_The task:_
Produce a verbatim copy of the following records, leaving out all pictures.

(Collection entries)
**********

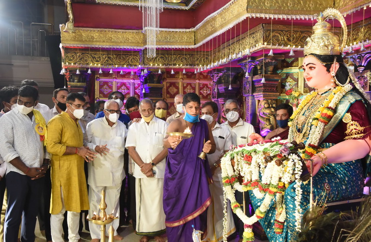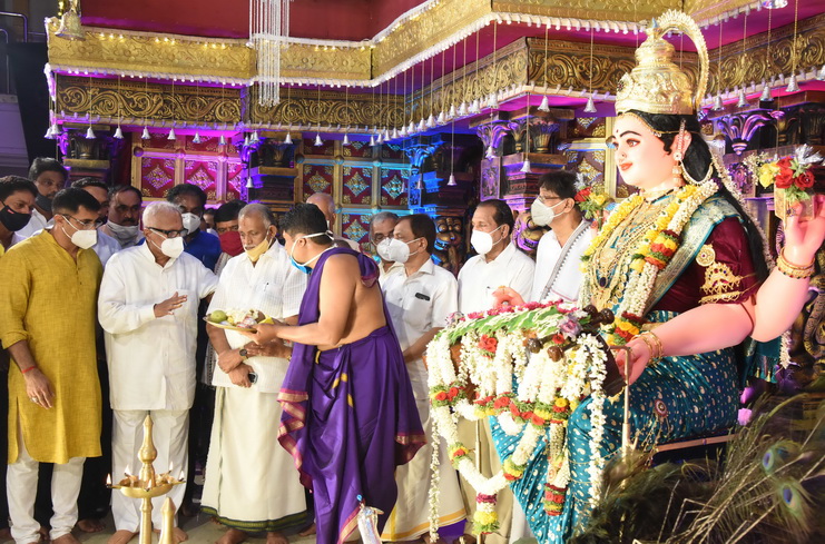 ಮಂಗಳೂರು ದಸರಾ ಕಾರ್ಯಕ್ರಮದ ಪೂರ್ವ ಭಾವಿಯಾಗಿ ಕುದ್ರೋಳಿ ಗೋಕರ್ಣನಾಥ ಕ್ಷೇತ್ರದ ಅಭಿವೃದ್ಧಿಯ ಹರಿಕಾರ ಜನಾರ್ದನ ಪೂಜಾರಿಯವರು ಕ್ಷೇತ್ರದ ದರ್ಬಾರು ಮಂಟಪದಲ್ಲಿ ಮಹಾಗಣಪತಿ, ಆದಿಶಕ್ತಿ, ನವದುರ್ಗೆಯರ ಸಹಿತ ಶಾರದಾ ಮಾತೆಯ ವಿಗ್ರಹಗಳನ್ನು ವೀಕ್ಷಿಸಿ, ಶ್ರೀ ಶಾರದಾ ಮಾತೆಗೆ ಧಾರ್ಮಿಕ ವಿಧಿಗಳೊಂದಿಗೆ ಪೂಜೆ ಸಲ್ಲಿಸಿದರು. ಬಳಿಕ ಅವರು ಉತ್ಸವದ ಧಾರ್ಮಿಕ ಕಾರ್ಯ ಕ್ರಮಕ್ಕೆ ಚಾಲನೆ ನೀಡಿದರು.
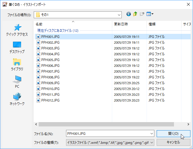 目的の画像を選択し、[開く(O)]ボタンをクリックします。![]() |
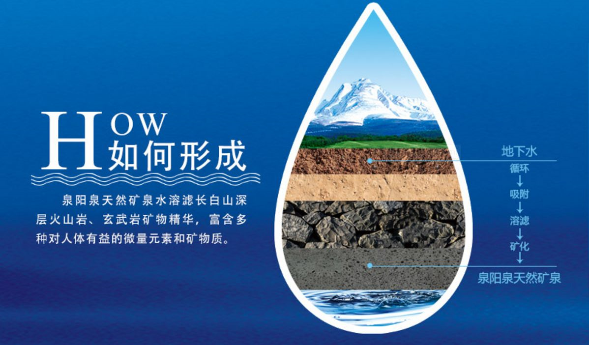? ? ? ?水源自地下1600米,歷經(jīng)50年,運移10000公里,經(jīng)千年循環(huán)、吸附、溶濾、礦化而成,自然涌出地面,水質(zhì)天然。含硅、鋅、鉬、釩、硒、碘等多種微量元素,為國際流程的低鈉、低礦化度、重碳酸鈣鎂型礦泉水,呈弱堿性,PH值為7.10—7.60,十分接近人體內(nèi)環(huán)境,天然恒溫8℃,口感甘甜清冽,是適合飲用的好水。
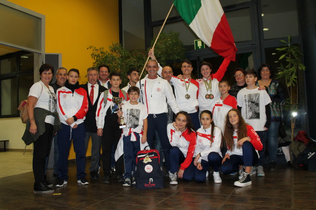 A chiusura di un anno di continui successi in campo nazionale, il ‘Fudoshin’, capitanato dal M° Dario Regina e coadiuvato dagli istruttori Denis Falavigna ed Erika Farina oltre all’arbitro internazionale Lucio Amante, ha ottenuto risultati insperati nelle varie e affollate categorie che sono valsi il 10° posto su 87 organizzazioni italiane e straniere partecipanti. Tutti i 10 atleti della società ponentina sono saliti sul podio. Eccellenti le performance di Francesco Sinisi, oro nel kumite individuale ed a squadre, ma anche di Sara Guidetti, oro nel kumite e bronzo nel kata. Senza dimenticare la medaglia più preziosa per la squadra mista, composta da Francesco ed Alice Sinisi e da Luca Biamonti.
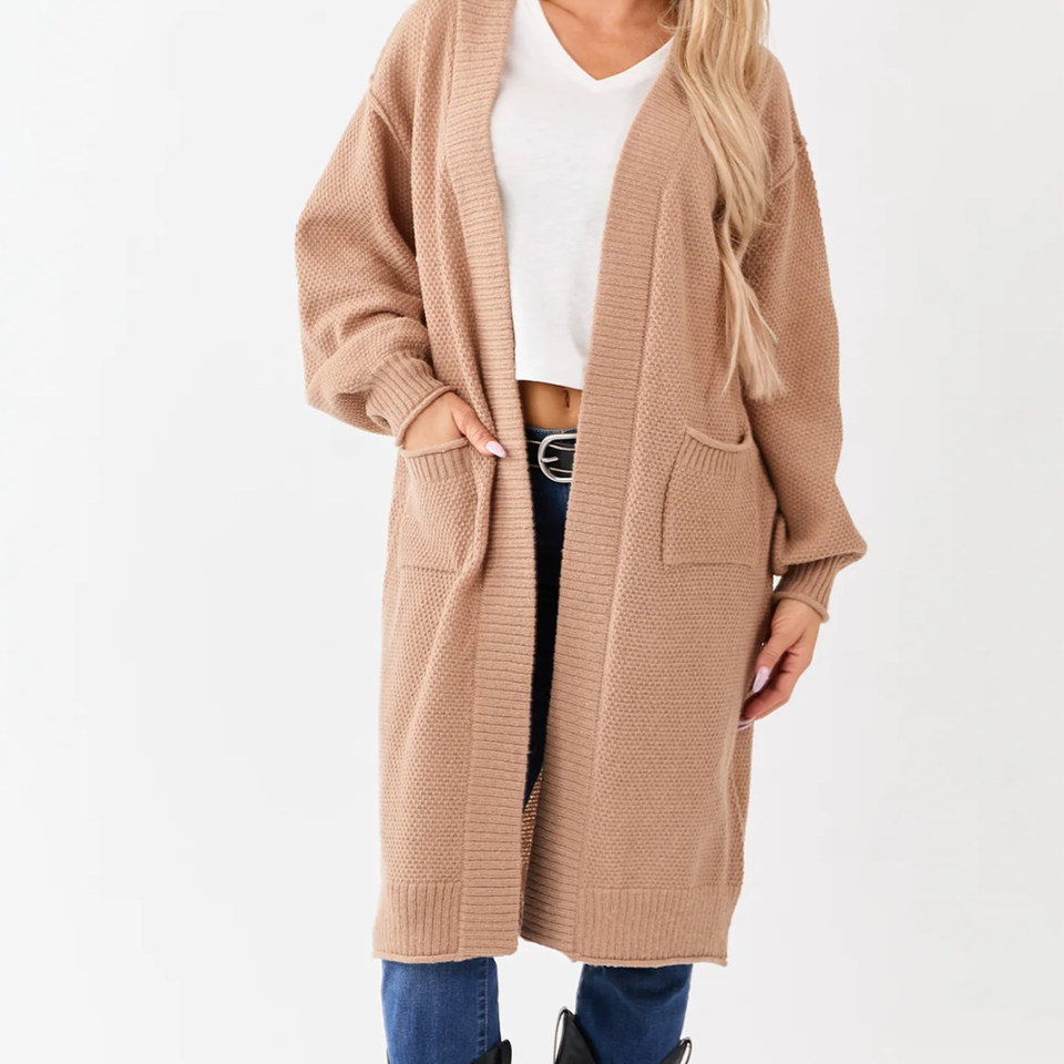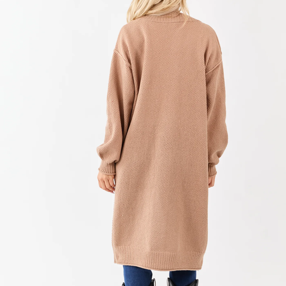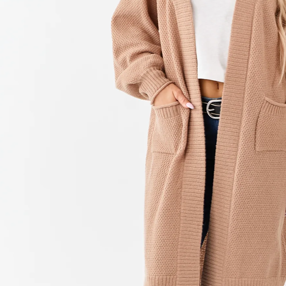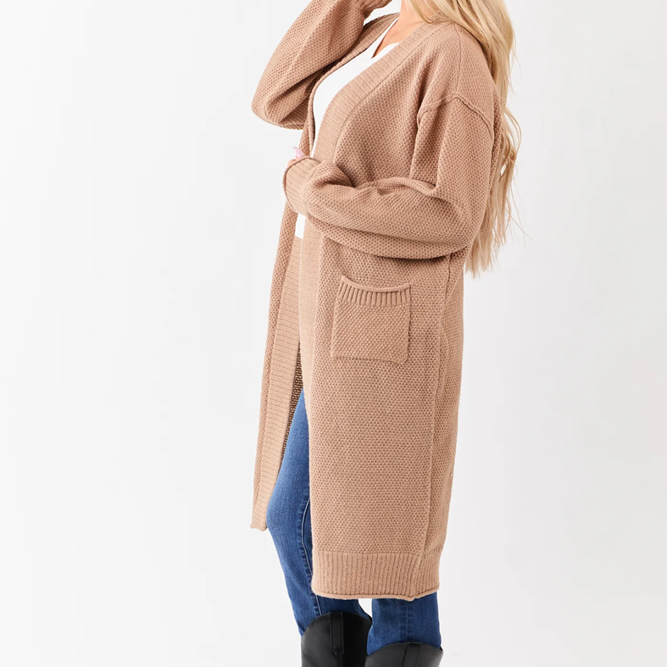 เสื้อคลุมคาร์ดิแกนไหมพรมเนื้อนุ่มแบบหนา ผ้าวูล/แคชเมียร์ ทรงยาว โอเวอร์ไซส์ มีกระเป๋าปะ สำหรับใส่ซ้อนกัน ลายทอแบบ Winter Latte

**********

_Completed exercise:_
 ಮಂಗಳೂರು ದಸರಾ ಕಾರ್ಯಕ್ರಮದ ಪೂರ್ವ ಭಾವಿಯಾಗಿ ಕುದ್ರೋಳಿ ಗೋಕರ್ಣನಾಥ ಕ್ಷೇತ್ರದ ಅಭಿವೃದ್ಧಿಯ ಹರಿಕಾರ ಜನಾರ್ದನ ಪೂಜಾರಿಯವರು ಕ್ಷೇತ್ರದ ದರ್ಬಾರು ಮಂಟಪದಲ್ಲಿ ಮಹಾಗಣಪತಿ, ಆದಿಶಕ್ತಿ, ನವದುರ್ಗೆಯರ ಸಹಿತ ಶಾರದಾ ಮಾತೆಯ ವಿಗ್ರಹಗಳನ್ನು ವೀಕ್ಷಿಸಿ, ಶ್ರೀ ಶಾರದಾ ಮಾತೆಗೆ ಧಾರ್ಮಿಕ ವಿಧಿಗಳೊಂದಿಗೆ ಪೂಜೆ ಸಲ್ಲಿಸಿದರು. ಬಳಿಕ ಅವರು ಉತ್ಸವದ ಧಾರ್ಮಿಕ ಕಾರ್ಯ ಕ್ರಮಕ್ಕೆ ಚಾಲನೆ ನೀಡಿದರು.
 目的の画像を選択し、[開く(O)]ボタンをクリックします。![]() |
? ? ? ?水源自地下1600米,歷經(jīng)50年,運移10000公里,經(jīng)千年循環(huán)、吸附、溶濾、礦化而成,自然涌出地面,水質(zhì)天然。含硅、鋅、鉬、釩、硒、碘等多種微量元素,為國際流程的低鈉、低礦化度、重碳酸鈣鎂型礦泉水,呈弱堿性,PH值為7.10—7.60,十分接近人體內(nèi)環(huán)境,天然恒溫8℃,口感甘甜清冽,是適合飲用的好水。
 A chiusura di un anno di continui successi in campo nazionale, il ‘Fudoshin’, capitanato dal M° Dario Regina e coadiuvato dagli istruttori Denis Falavigna ed Erika Farina oltre all’arbitro internazionale Lucio Amante, ha ottenuto risultati insperati nelle varie e affollate categorie che sono valsi il 10° posto su 87 organizzazioni italiane e straniere partecipanti. Tutti i 10 atleti della società ponentina sono saliti sul podio. Eccellenti le performance di Francesco Sinisi, oro nel kumite individuale ed a squadre, ma anche di Sara Guidetti, oro nel kumite e bronzo nel kata. Senza dimenticare la medaglia più preziosa per la squadra mista, composta da Francesco ed Alice Sinisi e da Luca Biamonti.
 เสื้อคลุมคาร์ดิแกนไหมพรมเนื้อนุ่มแบบหนา ผ้าวูล/แคชเมียร์ ทรงยาว โอเวอร์ไซส์ มีกระเป๋าปะ สำหรับใส่ซ้อนกัน ลายทอแบบ Winter Latte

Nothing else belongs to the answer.